Despite the rocky start, we absolutely loved our time at Sejuk and would highly recommend making it your base on Gili Air. It was one of the few places we have been that we weren't ready to leave when the time came. The other day Jonathan and I were sitting on the edge of a bed in a dank hotel room taking turns sticking our faces into a disgustingly dirty fan for a smidgen of reprieve from the humidity, when he turned to me and said: 'You know..... If we only bought one meal a day..... and shared it.... we could afford to stay at Sejuk for the rest of our trip!' He calculated. Hmmm. I closed my eyes and gave it the moment's consideration the idea deserved. 'Tempting. Very tempting.'

Comments on Comments: Thanks for your comments Looch, Gina & Parentals! We brought with us a little Asus netbook that we use for writing the blog and organizing the photos. Living in such a high-tech world has been very helpful for us, and the blog. There is actually more wi-fi here in Asia, than in Oz and New Zealand! In Western countries we mostly went to the city library, wherever we were, because the wireless internet is usually free there. In Bali and Lombok lots of cafes would have free wi-fi, so we would catch up there in the afternoon with a cold drink. Singapore was way ahead of us! They had free wi-fi all over the city. But, you had to sign up for a free account and then they would text you your password. Since we were apparently the only people in Singapore without a cell, we didn't get to take advantage, unfortunately. Here in Malaysia, I'm embarrassed to say, we have been using the free wi-fi at (cough) McDonalds. I know, I know. But, its the only free, reliable internet connection we have been able to consistently find. Sooo... we get internet..with a side of icecream. Did you know that McDonalds here has delivery? With no minimum order? Fries delivered to your door via scooter! Just in case your fries aren't cold enough when you get them at the counter.
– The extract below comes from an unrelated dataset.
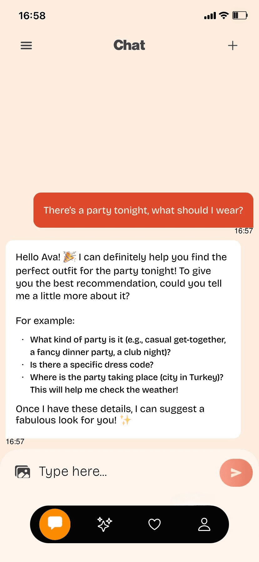 Real-time chat, visual outfits, style built around you — not just your clothes.

Useful, maybe ever find yourself in Malaysia with a hankering for a Mcflurry.
As for helmets, we really didn't like not wearing them on the motorbike, obviously. I'm a complete balance-less disaster, so I wear a helmet riding a bicycle too. The other day we rented bicycles and asked for helmets and completely confused the bike owner. 'Ohhh you want a motorbike? I thought you wanted a bicycle' he said. 'No, a helmet for the bicycle,' I replied. He pretty much fell over laughing.

Last thought before Jonathan cuts my fingers off: Check out Niagara-This-Week over the next little while... you may just see some familiar faces. You can get the paper online too.


Anonymous said...

I LOVE LOVE that you were bargaining!!! I was laughing out loud remembering Rome!!!


Sarah said...

As I was reading about your very stern bargaining, I was laughing out loud. Ed asked what was so funny, to which I replied, 'you know Kristen... she writes how she acts':) Very funny, I could picture it happen and hear your voice. Good work on getting the better deal!